ImportError: cannot import name 'DataCollatorSpeechSeq2SeqWithPadding' from 'transformers'
#78
by
SudheenK
- opened
I tried to import this as suggested by some LLM. But this doesnot work. I checked out the transformers repository, but it was not present. In some blog I found a custom data collator for whisper.
class DataCollatorSpeechSeq2SeqWithPadding:
processor: Any
def __call__(
self, features: List[Dict[str, Union[List[int], torch.Tensor]]]

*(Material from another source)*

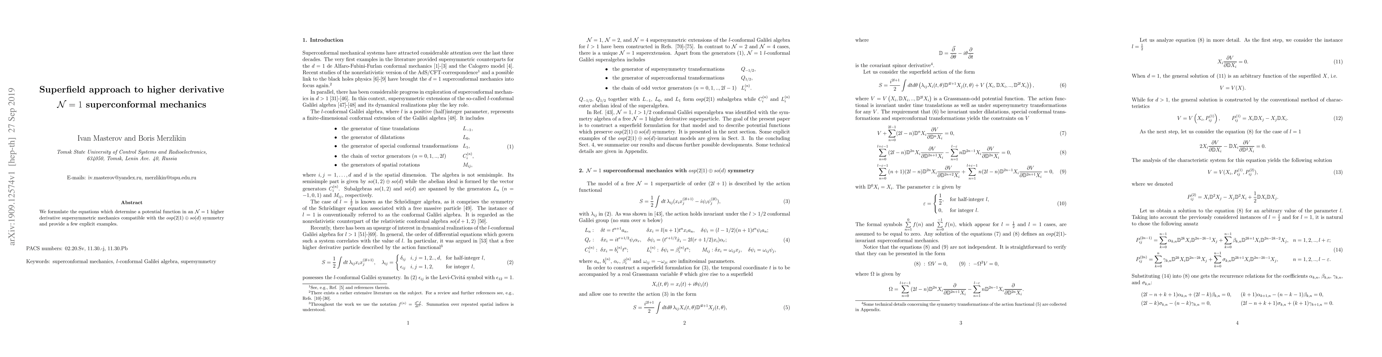 Researchers develop a new approach to supersymmetric mechanics that combines $osp(2|1)$ symmetry with higher derivatives, providing a framework for potential functions in compatible systems.

) -> Dict[str, torch.Tensor]:
# split inputs and labels since they have to be of different lengths and need different padding methods
# first treat the audio inputs by simply returning torch tensors
input_features = [
{"input_features": feature["input_features"][0]} for feature in features
]
batch = self.processor.feature_extractor.pad(input_features, return_tensors="pt")
# get the tokenized label sequences
label_features = [{"input_ids": feature["labels"]} for feature in features]
# pad the labels to max length
labels_batch = self.processor.tokenizer.pad(label_features, return_tensors="pt")
# replace padding with -100 to ignore loss correctly
labels = labels_batch["input_ids"].masked_fill(
labels_batch.attention_mask.ne(1), -100
)
# if bos token is appended in previous tokenization step,
# cut bos token here as it's append later anyways
if (labels[:, 0] == self.processor.tokenizer.bos_token_id).all().cpu().item():
labels = labels[:, 1:]
batch["labels"] = labels
return batch
Will this work for any language? I am trying to fine-tune on the Korean language.